Multiplex-ligation probe assay (MLPA)
MLPA was performed using the SALSA MLPA kits P335 ALLIKZF1-A3, and P202-A1 IKZF1 for control (MRC-Holland), according to the manufacturer's instructions. Samples were run on an ABI 3130 analyzer (Applied Biosystems) and results were analyzed using the Tumor Analysis (LS) method of the Coffalyser version 8 software (www.mlpa.com/coffalyser, MRC Holland). The ratio results obtained for each probe were then adjusted for the percentage of blasts using the following formula: (ratio-1+blast percentage)/blast percentage.12 Isolated reduced signal for exon 1 probes was not considered because it could be an artifact due to the presence of GC-rich sequences. MLPA sensitivity was evaluated by analysis of serial dilutions of IKZF1 deleted cases into non-tumoral DNA.
MRD analysis by real-time quantitative PCR for IKZF1 intragenic deletions
Primers and Taqman probes were designed using Primer3Plus software. MRD analyses were performed and interpreted according to the EuroMRD guidelines designed for Ig/TCR based MRD analyses.10 500 ng DNA were amplified in triplicate in a final volume of 25 μL, containing 1 × Platinum® Quantitative PCR SuperMix-UDG (Invitrogen), 0.5 μL ROX Reference Dye (Invitrogen), 1 mM MgCl2, 0.04% BSA, 0.2 μM of each forward and reverse primer, and 0.1 μM of TaqMan® probe. Amplification was performed using an ABI Prism 7700 thermocycler (Applied Biosystems) as follows: incubation at 50°C for 2 min, denaturation at 95°C for 10 min, followed by 50 cycles of 15 s at 95°C and 1 min 20 s at 62°C.
Results and Discussion
We first set up a test to detect intragenic deletions of IKZF1. Some deletion breakpoint sequences have been previously reported4,8 that allowed us to delineate the breakpoint cluster regions of Δ4-7 and Δ2-7 rearrangements. Less frequent deletions, such as Δ4-8 and Δ2-8, were also reported but breakpoint cluster regions were not characterized.
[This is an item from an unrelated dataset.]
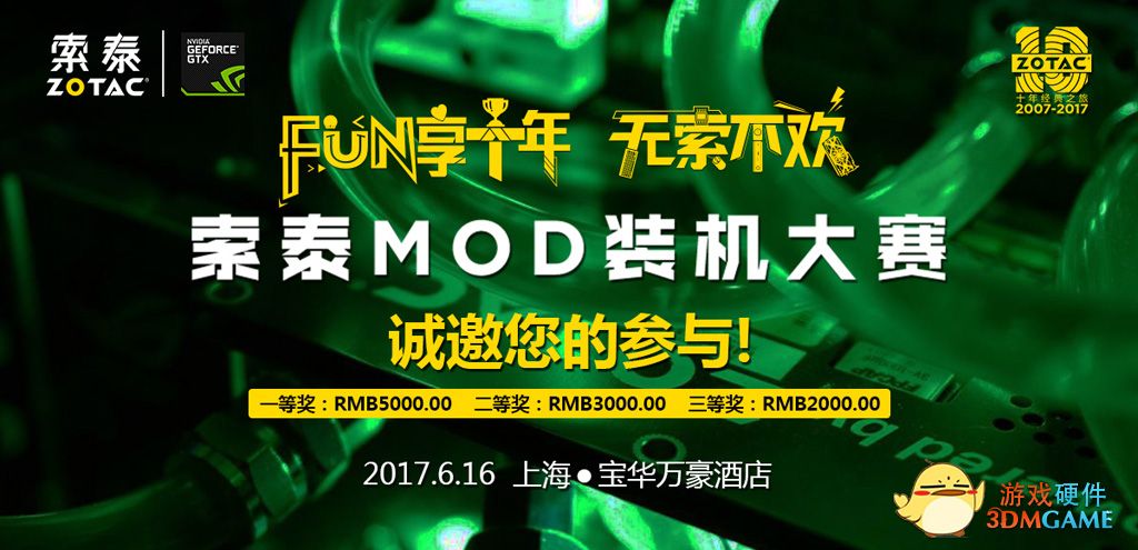 本次MOD装机大赛由索泰主办,2017年,是索泰中国10周年庆典,自2007年进入中国以来,索泰经过长达10年的耕耘,现已成为全球一线显卡品牌,NVIDIA全球AIC核心合作伙伴。从第一款8800GT明星产品到GTX 1080Ti PGF,索泰出色的产品品质和强大的研发和生产实力得到了玩家们的认可,不断的创新和超越给玩家们带来了许多的惊喜。创新是索泰的前进动力,也是显卡及DIY发展的动力,值此10周年之际,索泰特举办MOD装机大赛,彰显玩家个性,激发玩家创造力!

We retrospectively looked for the presence of such deletions in a series of BCP-ALL with available high-resolution array-CGH data. Three cases with Δ4-8 rearrangements were identified (Figure 1A) and breakpoint sequences were further characterized by long-distance PCR (Online Supplementary Table S1). The proximal breakpoints were located in intron 3 in the same region as Δ4-7 rearrangements while the distal breakpoints clustered at approximately 12 kb centromeric from the 3'UTR of the IKZF1 gene. Non-template nucleotides and RSS-like sequences were observed at the breakpoint junctions, as previously described for other types of IKZF1 intragenic rearrangements.4,8 Then we designed a PCR assay with appropriate forward and reverse primers to amplify the junction regions of all types of characterized intragenic rearrangements. Multiplexing and fluorochrome-labeled primers allowed detection of all rearrangements in a single PCR reaction (Figure 1B-C). In addition, a reverse primer in intron 3 designed to amplify the germline sequence was added to provide a control for DNA amplification.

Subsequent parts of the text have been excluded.